What she seems to need during these moments is to talk openly about her birth mother. She needs to NOT forget her. I ask her questions about things. "Do you think she is thinking about you?" "What does she look like?" "What did you used to do at Christmas?"

Sometimes I ask the same questions over and over. Sometimes I tell her what I think. "I think she loves you so much." "I think she is thinking about you today because it's Christmas. I think she is probably sad like you but I bet she is happy that you will be healthy and have a family and presents." "I think your mommy in Guatemala has eyes like your eyes."
I think what Zoe needs most is to have it be an open topic. She needs to talk about her and think about her. Her birth mommy will always be a part of our family. We even have Zoe's DNA picture with her mom framed in our kitchen and in her bedroom. She loves that. She will sometimes kiss the picture goodnight. Once she carried it around for a day. How I WISH that her birth mother had a phone so they could talk. I know it would mean so much to both of them.
SOOOO all in all.... she is doing great! She is mostly happy and content but she is grieving appropriately. If she wasn't mourning at all I would be very concerned that she had some things bottled up inside. It takes a lot of trying to put myself in her little shoes and "behind her eyes." Not always easy- sometimes exhausting. Sometimes it would be easier to let her be "strong" and not sift through it with her but it would be so wrong. That would be like my mother passing away and never crying or talking about her again. How bizzare! How could I heal??? What would it feel like if I knew inside that everyone around me would just prefer it if I kept my feelings to myself? Please don't make the mistake of thinking that ignoring the topic means it's not there. If no one mentioned your mommy again after she died would you just forget about it and be fine? I don't care whether you adopted your child at 13 years old or 1 day old- they WILL mourn their loss. The only decision you have to make is whether you want to be a part of it with them or force them to do it alone. I want to be there through the grieving process with Zoe. I never want her to feel that she is walking this path alone. Being alone in your deep pain is often harder than a death.

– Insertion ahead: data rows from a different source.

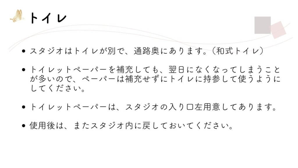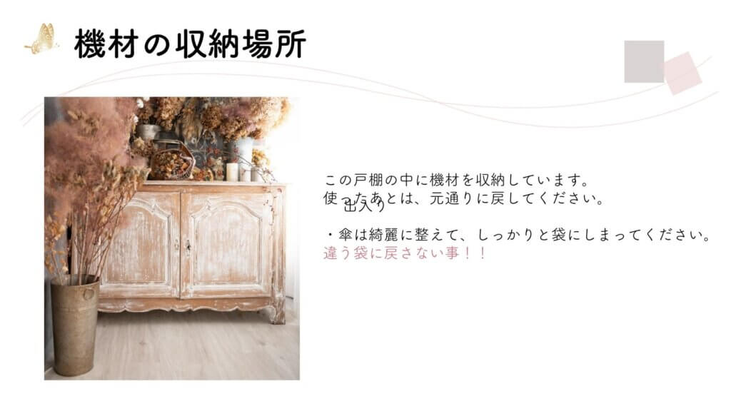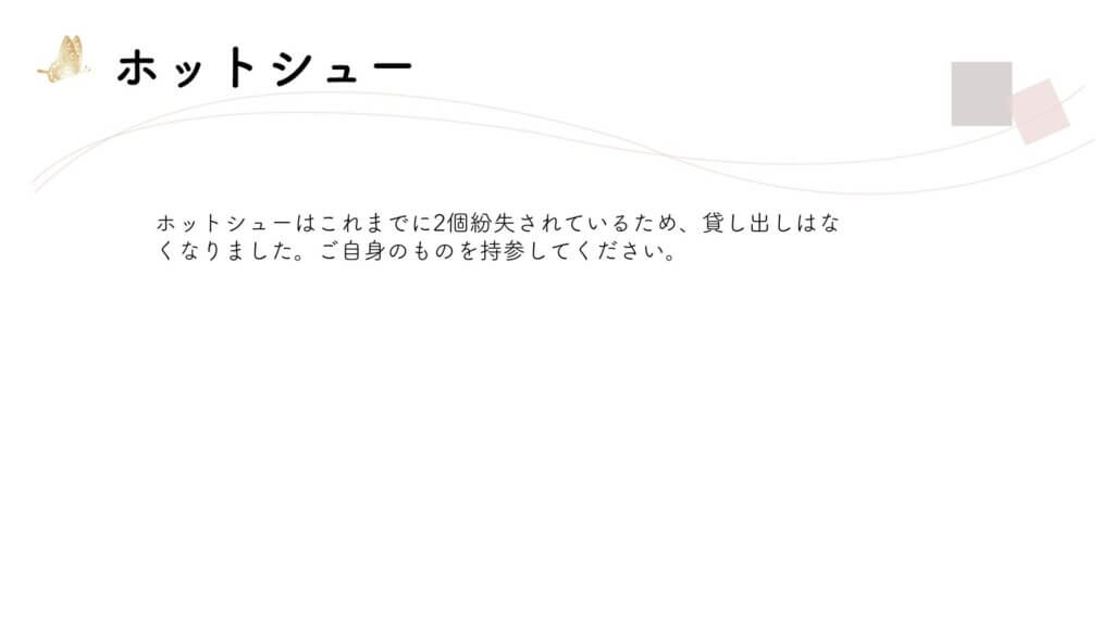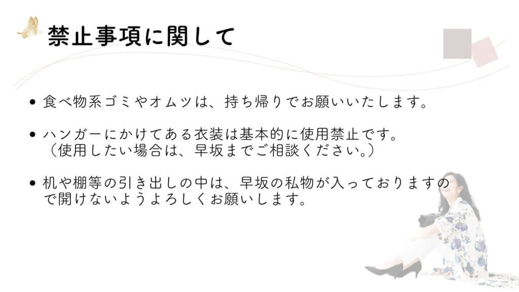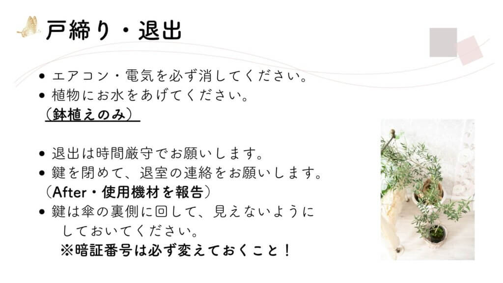 ・備品が壊れている等、何か気づいたことがありましたら、そちらもご連絡よろしくお願いいたします。
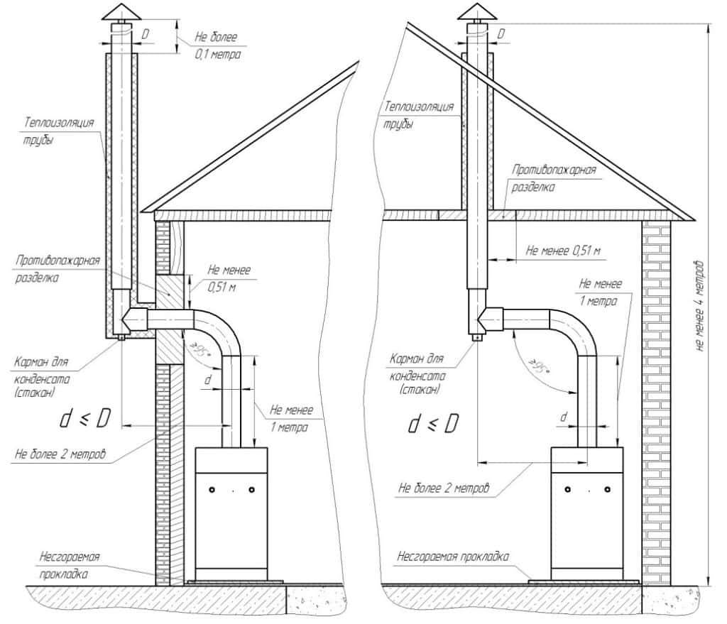 - Не допускается соприкосновение дымового канала с любыми коммуникациями: газовой трубой, электропроводкой и т. п.
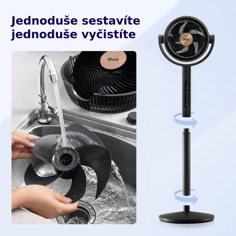 Stojanový ventilátor Levoit sa ľahko montuje bez potreby akéhokoľvek náradia, čo šetrí váš čas a námahu. Je navrhnutý tak, aby sa dal ľahko rozobrať a umyť vodou, čím sa zabezpečí hygienické prostredie a minimalizuje sa vírenie prachu po miestnosti. Vďaka tejto pohodlnej údržbe si môžete užívať čistý a svieži vzduch bez akýchkoľvek problémov.
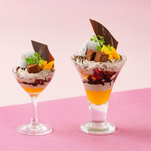 福岡サンパレスが中洲で運営する夜のケーキショップ『ホテルパティスリーufu』の生チョコを使用し、オレンジやオレンジゼリー、チョコアイス、チョコホイップを重ねた特別なパフェです。チョコの深いコクとオレンジの香りが織りなす、バレンタインをイメージした期間限定の華やかな一品。
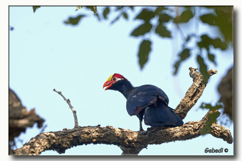 En dan vlakbij in een boom de Baardvogels en de Violette Toerako
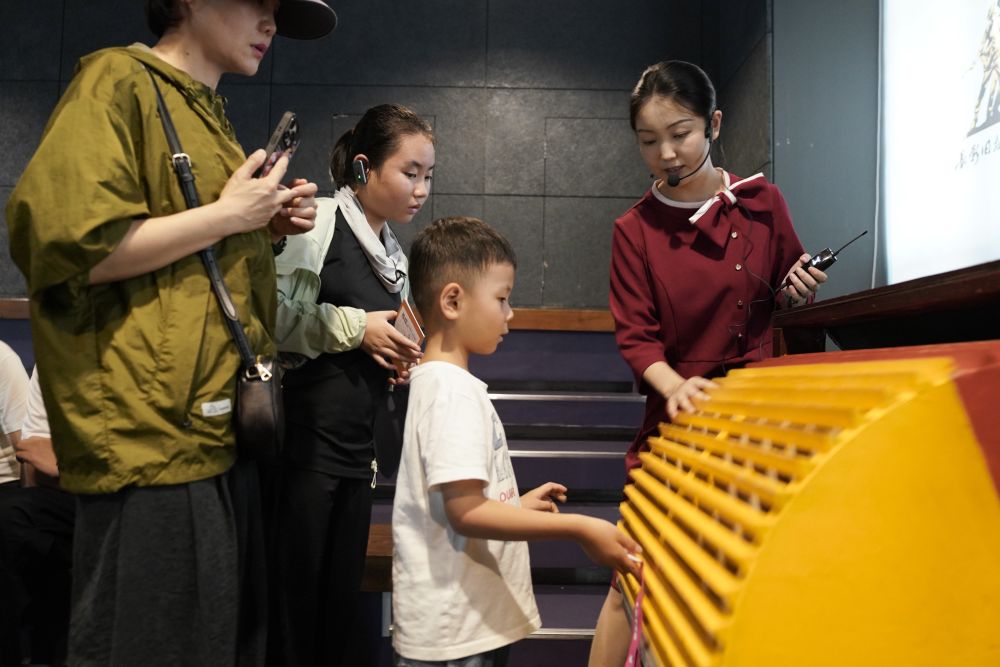 2025年8月7日,小朋友在长影旧址博物馆拟音互动室参观体验。
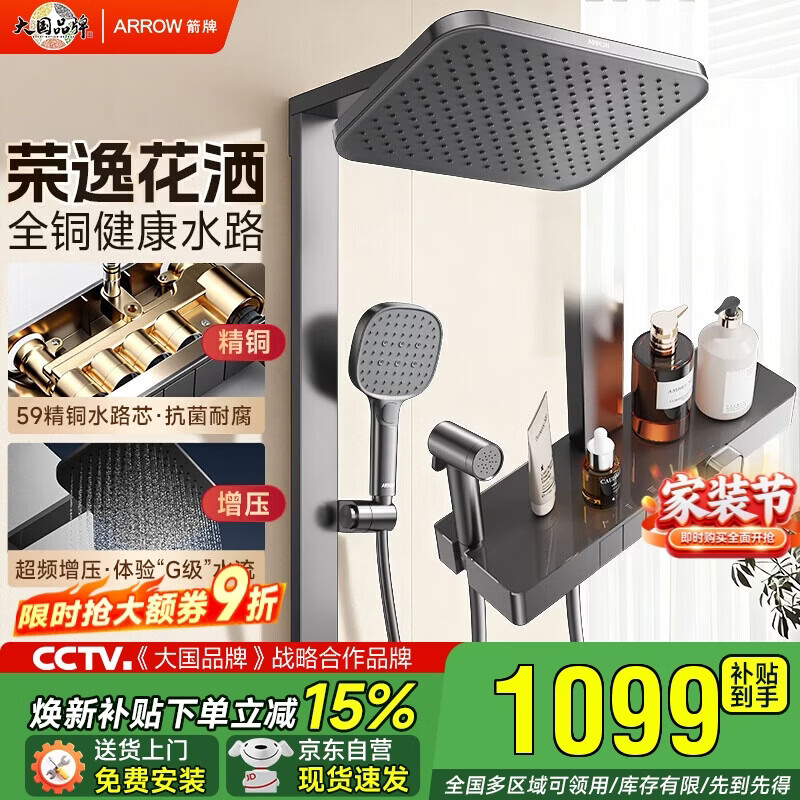 箭牌荣逸花洒淋浴方杆花洒套装 大顶喷淋浴器卫浴精铜【焕新补贴15%】
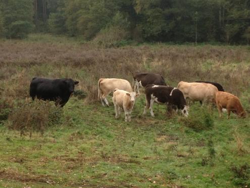 Over Autumn approximately 30 cross breed cattle have been gentling munching their way through weeds, rushes, herbs and general vegetation as well as trampling down the ground, which pushes seeds into the soil helping to promote germination for next year’s plants.
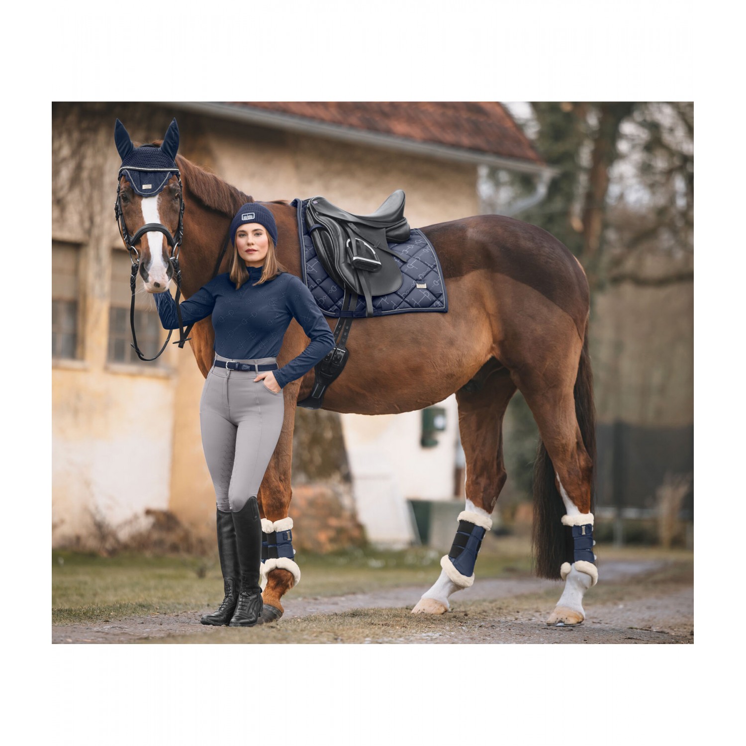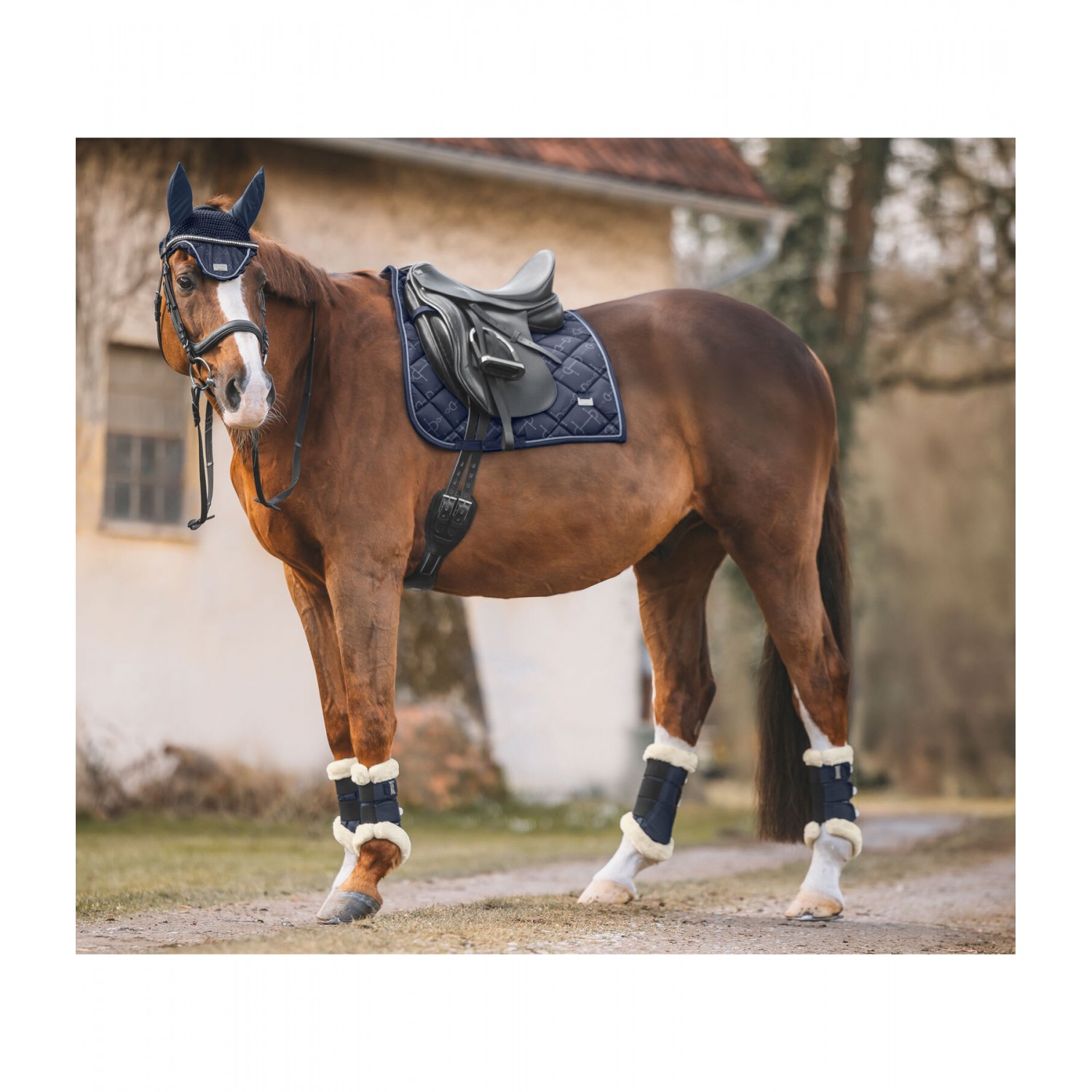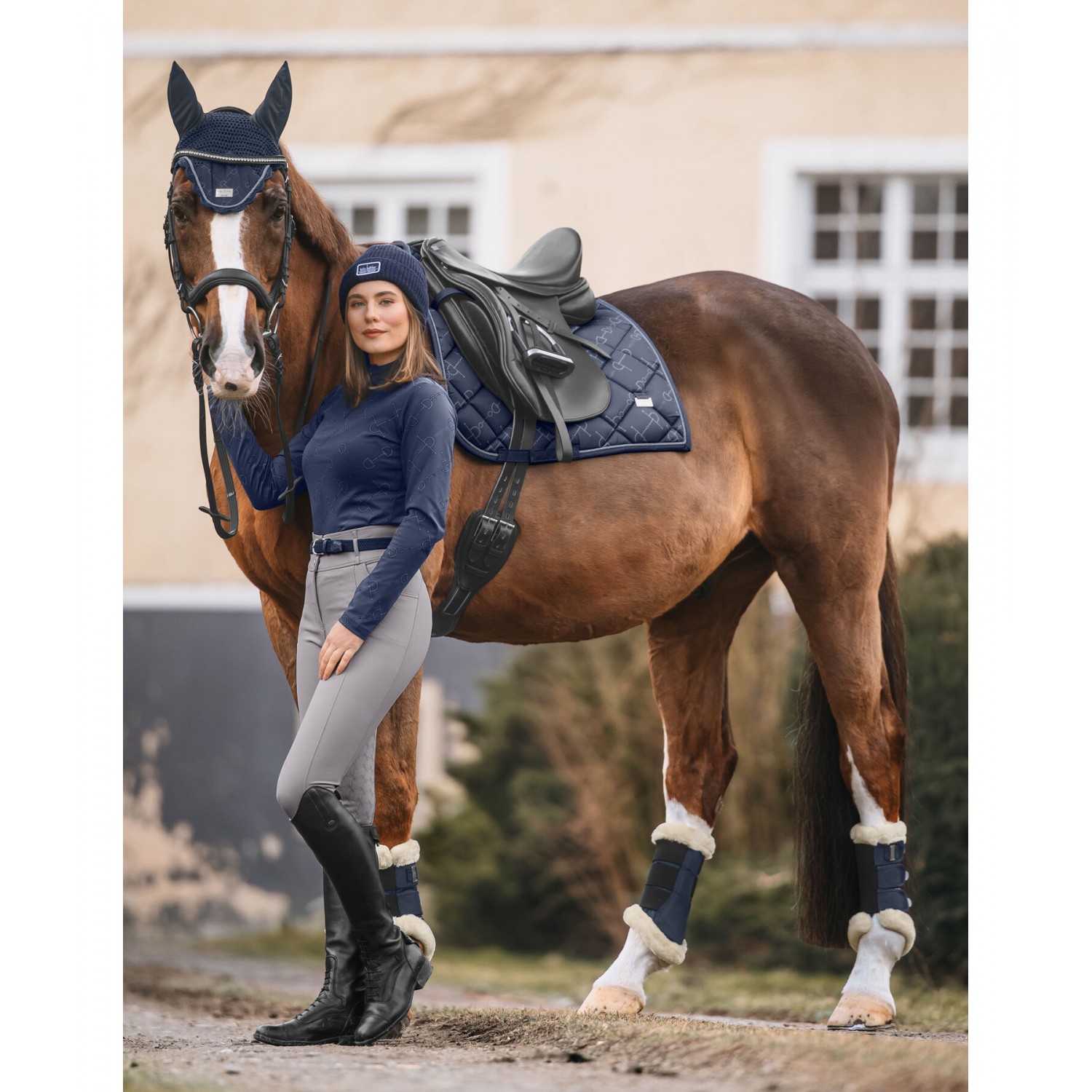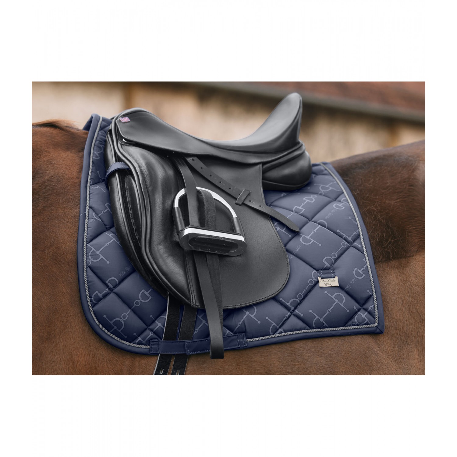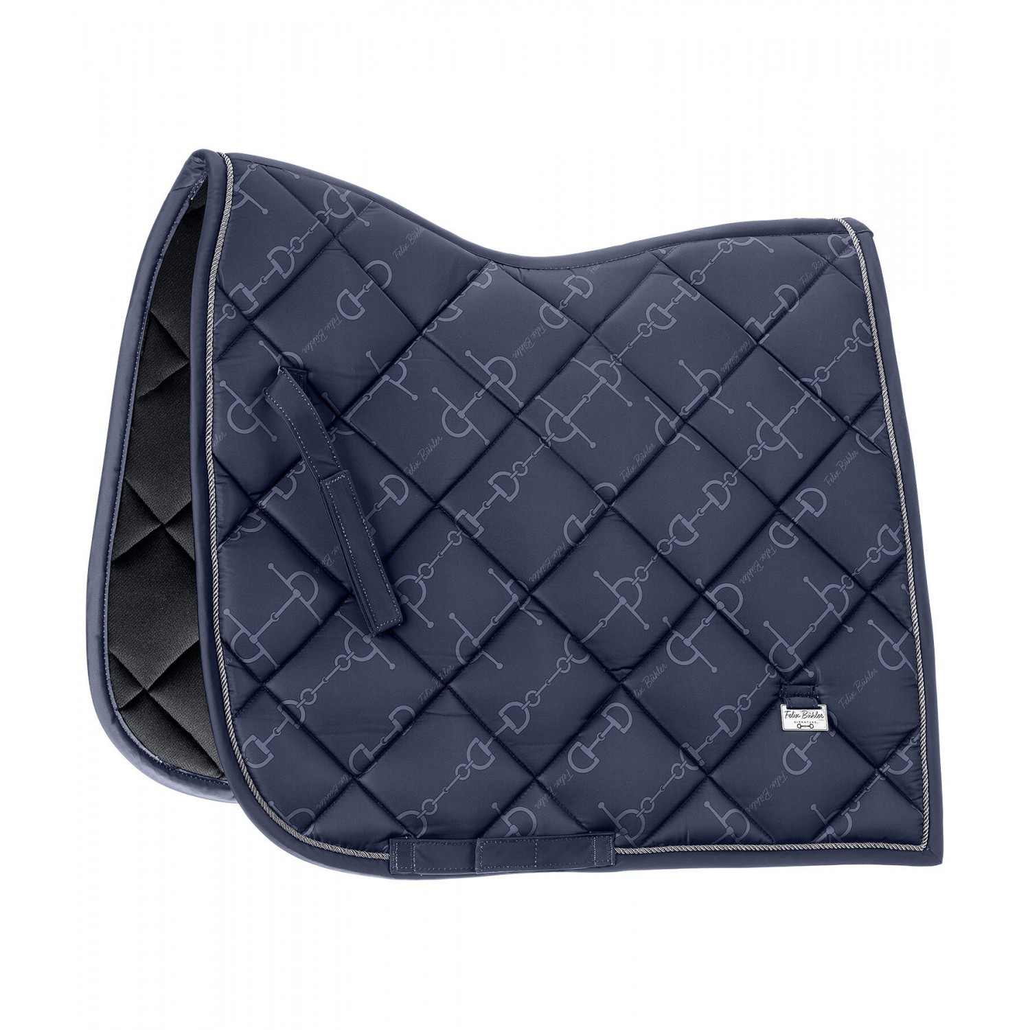 Элегантный вальтрап с металлическими пластинами-логотипами с обеих сторон. Декоративный шнур антрацитового цвета и нежный принт по всей поверхности с модным рисунком трензеля. Нижняя часть изготовлена из дышащей и влагоотводящей сетки. 100% полиэстер.
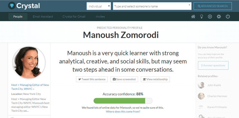 Crystal is a tool you should use if you wish to personally connect with your audience. The tool helps discover the personality of your connect.
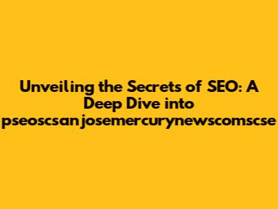 Unveiling The Secrets Of SEO: A Deep Dive Into Pseoscsanjosemercurynewscomscse
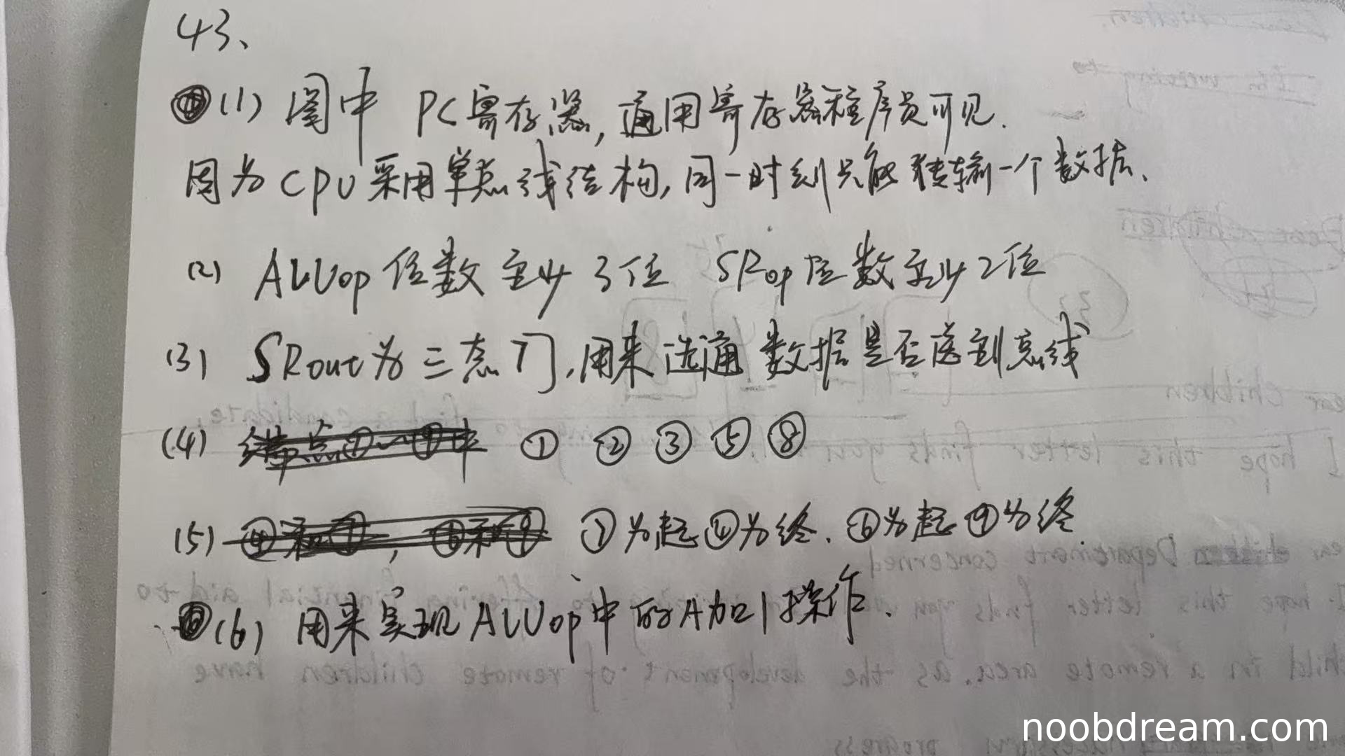 学生回答"用来实现ALUop中的A加1操作"是不正确的。MUX输入端为2主要是为了实现PC+2操作,因为指令字长16位、按字节编址。得0分。

#4 How is she doing in her studies?
GREAT! She is learning English very quickly. She understands a TON of what we are saying and is speaking about 1/3 of what she understands. She is a WHIZ at math unless it's a concept that requires explanation in English that she doesn't understand. She is making great strides in learning all her letters and all their sounds. I think we will be reading very soon!
In a minute I will upload a video of Zoe doing her school today so you can see what she is learning.








1 comment:

betsy said...

Great post Angel. Thanks for your honesty. You are doing such a fabulous job with Zoe. You are a blessing to so many. You are so wise to be so young. You amaze me and I feel fortunate you are a part of my life.